▶ **Work to be completed**:
The output must contain exactly the lines from the top of the listing below through the line containing "World Organic Clorofila", and no pictures.
══ Collected material
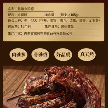 蒙贝 风干火鸡脖 狗狗零食 磨牙棒洁齿骨训犬奖励 108g共2支
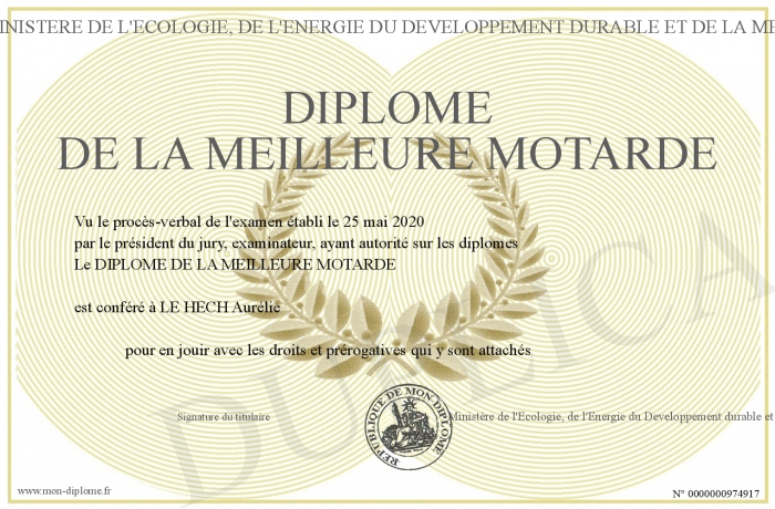 Envoyez par email votre DIPLOME DE LA MEILLEURE MOTARDE personalisé
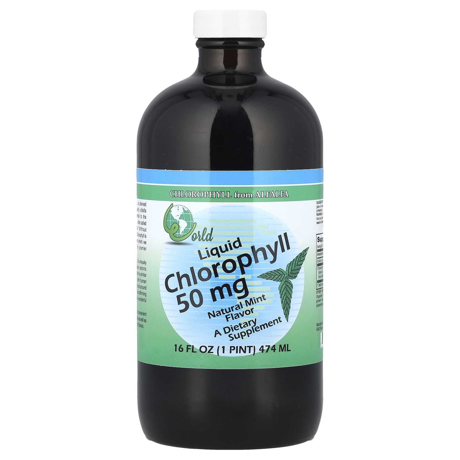 World Organic Clorofila Líquida Sabor Natural de Menta 50 mg 16 fl oz (474 ml) – World Organic Suplementos Superalimentos Clorofila.
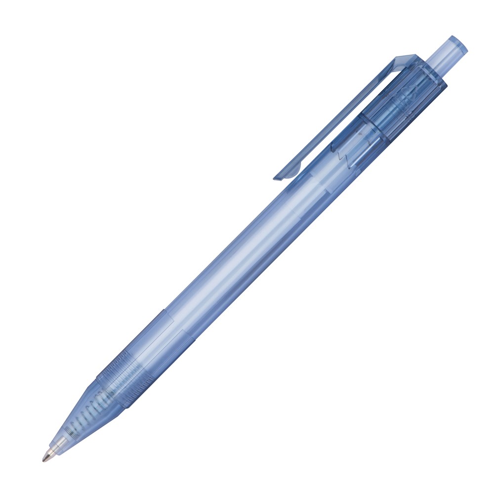 Umweltfreundlicher, transparenter Kugelschreiber aus recyceltem PET mit blauschreibender Großraummine, geradem Clip, Druckmechanismus und RPET Logo. Ihr Logo wird unterhalb vom Clip gedruckt.
════
▶ **Exercise solution**:
 蒙贝 风干火鸡脖 狗狗零食 磨牙棒洁齿骨训犬奖励 108g共2支
 Envoyez par email votre DIPLOME DE LA MEILLEURE MOTARDE personalisé
 World Organic Clorofila Líquida Sabor Natural de Menta 50 mg 16 fl oz (474 ml) – World Organic Suplementos Superalimentos Clorofila.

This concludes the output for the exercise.